Проснулся я уже неподалеку от города, в котором надлежало мне высаживаться. Сквозь решетку деревянных жалюзи слабо и рифлено сочилось солнце.

У дверей каюты справный, но бледный телом мужик в плетеных белых трусиках, чуть отемненных в соединении и на поясе, старательно делал гимнастику.

– Доброе утро! – бодро заявил он, не оборачиваясь. Я не сразу сообразил, что он видит меня во вделанное в двери зеркало.

– Хотел я скандальчик закатить, но… пассажир некурящий, к тому же писатель…

Говоря все это, он бодро, без одышки делал телодвижения.
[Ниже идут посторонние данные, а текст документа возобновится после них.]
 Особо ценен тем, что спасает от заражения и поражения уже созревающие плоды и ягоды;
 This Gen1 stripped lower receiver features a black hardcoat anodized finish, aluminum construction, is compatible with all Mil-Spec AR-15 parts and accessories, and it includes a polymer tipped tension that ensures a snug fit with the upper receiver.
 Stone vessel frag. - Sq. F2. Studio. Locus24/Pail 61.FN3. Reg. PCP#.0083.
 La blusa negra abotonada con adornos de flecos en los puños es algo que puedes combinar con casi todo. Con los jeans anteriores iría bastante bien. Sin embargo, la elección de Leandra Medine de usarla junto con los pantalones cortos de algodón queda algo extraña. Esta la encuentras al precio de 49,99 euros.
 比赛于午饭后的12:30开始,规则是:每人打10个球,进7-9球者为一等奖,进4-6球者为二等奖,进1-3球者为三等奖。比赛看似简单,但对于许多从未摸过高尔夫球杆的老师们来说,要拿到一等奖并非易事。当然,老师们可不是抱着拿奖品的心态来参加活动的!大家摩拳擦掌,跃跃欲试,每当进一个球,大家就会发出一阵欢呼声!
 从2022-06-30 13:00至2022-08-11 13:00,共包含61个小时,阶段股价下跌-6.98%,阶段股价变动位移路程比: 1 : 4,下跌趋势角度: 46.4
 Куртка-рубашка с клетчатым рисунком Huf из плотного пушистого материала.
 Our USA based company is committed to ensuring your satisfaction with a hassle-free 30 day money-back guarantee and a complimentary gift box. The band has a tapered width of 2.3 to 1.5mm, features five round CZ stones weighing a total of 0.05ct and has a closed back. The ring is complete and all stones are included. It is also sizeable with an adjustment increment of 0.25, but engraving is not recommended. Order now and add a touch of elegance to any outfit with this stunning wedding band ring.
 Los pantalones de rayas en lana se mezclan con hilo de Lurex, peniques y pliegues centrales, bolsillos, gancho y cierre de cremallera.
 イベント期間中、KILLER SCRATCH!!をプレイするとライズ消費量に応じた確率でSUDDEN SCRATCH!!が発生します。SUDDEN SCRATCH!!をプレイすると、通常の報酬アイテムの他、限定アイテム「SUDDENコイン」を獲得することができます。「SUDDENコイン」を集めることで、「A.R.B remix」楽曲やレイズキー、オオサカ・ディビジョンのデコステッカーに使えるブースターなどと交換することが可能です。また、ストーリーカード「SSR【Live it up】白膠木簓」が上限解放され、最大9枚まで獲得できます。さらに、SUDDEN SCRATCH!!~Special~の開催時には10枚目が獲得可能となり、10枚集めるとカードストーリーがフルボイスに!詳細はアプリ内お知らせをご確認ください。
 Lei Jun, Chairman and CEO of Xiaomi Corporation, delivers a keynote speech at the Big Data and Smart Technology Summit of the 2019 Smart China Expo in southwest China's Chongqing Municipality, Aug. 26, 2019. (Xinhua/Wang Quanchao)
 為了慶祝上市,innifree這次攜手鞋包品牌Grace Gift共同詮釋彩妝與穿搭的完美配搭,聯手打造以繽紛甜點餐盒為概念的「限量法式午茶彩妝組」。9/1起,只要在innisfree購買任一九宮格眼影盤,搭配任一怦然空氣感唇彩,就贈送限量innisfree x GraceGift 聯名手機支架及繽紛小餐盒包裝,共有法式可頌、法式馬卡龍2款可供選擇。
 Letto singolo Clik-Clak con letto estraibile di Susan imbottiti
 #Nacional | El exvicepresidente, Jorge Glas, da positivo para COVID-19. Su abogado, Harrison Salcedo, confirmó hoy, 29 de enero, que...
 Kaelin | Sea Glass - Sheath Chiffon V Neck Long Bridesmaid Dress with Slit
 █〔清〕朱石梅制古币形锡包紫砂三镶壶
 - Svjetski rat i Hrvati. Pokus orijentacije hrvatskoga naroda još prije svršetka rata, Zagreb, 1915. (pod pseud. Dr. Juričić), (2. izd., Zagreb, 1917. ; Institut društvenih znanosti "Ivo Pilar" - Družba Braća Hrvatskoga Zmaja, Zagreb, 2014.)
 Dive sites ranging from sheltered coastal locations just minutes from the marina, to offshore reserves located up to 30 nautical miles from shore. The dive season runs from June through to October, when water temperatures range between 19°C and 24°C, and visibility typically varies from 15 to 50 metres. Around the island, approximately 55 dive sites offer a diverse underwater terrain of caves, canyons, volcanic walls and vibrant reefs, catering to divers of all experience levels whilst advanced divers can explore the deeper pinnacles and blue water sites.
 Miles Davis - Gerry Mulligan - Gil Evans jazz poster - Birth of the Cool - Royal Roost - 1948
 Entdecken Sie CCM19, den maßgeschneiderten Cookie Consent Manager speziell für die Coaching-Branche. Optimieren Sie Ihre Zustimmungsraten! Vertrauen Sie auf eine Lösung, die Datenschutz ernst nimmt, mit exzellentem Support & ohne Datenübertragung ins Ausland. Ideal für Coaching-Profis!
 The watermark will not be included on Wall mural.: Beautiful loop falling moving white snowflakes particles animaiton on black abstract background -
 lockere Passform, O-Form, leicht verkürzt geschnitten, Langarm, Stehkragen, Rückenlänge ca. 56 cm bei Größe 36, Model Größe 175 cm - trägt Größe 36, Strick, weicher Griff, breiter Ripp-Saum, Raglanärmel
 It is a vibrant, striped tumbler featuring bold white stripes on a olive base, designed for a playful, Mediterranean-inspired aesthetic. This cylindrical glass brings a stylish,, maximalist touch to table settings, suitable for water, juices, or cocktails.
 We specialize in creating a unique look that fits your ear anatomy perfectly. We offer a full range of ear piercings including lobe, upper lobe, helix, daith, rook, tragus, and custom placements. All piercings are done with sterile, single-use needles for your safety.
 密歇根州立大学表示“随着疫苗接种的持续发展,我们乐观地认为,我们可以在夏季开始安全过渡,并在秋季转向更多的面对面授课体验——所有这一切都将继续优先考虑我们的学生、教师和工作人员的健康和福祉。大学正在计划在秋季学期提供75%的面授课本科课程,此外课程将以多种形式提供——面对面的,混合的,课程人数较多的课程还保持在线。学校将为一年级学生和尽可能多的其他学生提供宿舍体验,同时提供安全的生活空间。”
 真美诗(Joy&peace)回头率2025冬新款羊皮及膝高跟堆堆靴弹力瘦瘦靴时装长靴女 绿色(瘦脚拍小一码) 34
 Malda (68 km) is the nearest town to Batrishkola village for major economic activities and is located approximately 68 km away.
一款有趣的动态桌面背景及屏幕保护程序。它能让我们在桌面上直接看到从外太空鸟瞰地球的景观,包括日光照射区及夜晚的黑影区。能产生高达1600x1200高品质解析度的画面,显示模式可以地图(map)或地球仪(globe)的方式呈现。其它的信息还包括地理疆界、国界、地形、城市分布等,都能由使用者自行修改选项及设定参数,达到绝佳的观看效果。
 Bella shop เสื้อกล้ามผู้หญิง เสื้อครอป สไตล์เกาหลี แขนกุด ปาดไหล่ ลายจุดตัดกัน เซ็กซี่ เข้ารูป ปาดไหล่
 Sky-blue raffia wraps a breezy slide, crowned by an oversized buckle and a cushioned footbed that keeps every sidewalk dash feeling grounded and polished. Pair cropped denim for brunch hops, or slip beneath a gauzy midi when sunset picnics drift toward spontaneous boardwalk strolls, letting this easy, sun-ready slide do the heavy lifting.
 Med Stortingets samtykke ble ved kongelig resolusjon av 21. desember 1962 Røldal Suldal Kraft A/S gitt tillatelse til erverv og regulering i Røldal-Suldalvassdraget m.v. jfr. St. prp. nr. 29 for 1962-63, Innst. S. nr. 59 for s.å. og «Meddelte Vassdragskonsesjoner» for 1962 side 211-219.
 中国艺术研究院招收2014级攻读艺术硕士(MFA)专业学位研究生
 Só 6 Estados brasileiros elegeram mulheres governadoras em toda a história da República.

Вот начал наклоны туловища вперед, откидывая ко мне чуть зарифленый зад с туго подтянутыми в сахаристом материале трусов «причиндалами». Мне почему-то до нестерпимости захотелось дать физкультурнику ногой «под корму».

Долго, тщательно умывался хозяин каюты, еще дольше вытирался розовой махровой простыней, вертелся перед зеркалом, любуясь собой, поигрывая мускулами, раздвигая пальцем рот – чудился ему в зубах какой-то изъян или уж так гримасничать привык. Он выудил из-под стола бутылку коньяку, огромную рюмаху, напоминающую гусиное яйцо, плеснул в нее янтарно-коричневой жидкости и, держа посудину в пригоршне, отпил несколько мелких глотков, небрежно бросая при этом в рот оранжевые дольки апельсина.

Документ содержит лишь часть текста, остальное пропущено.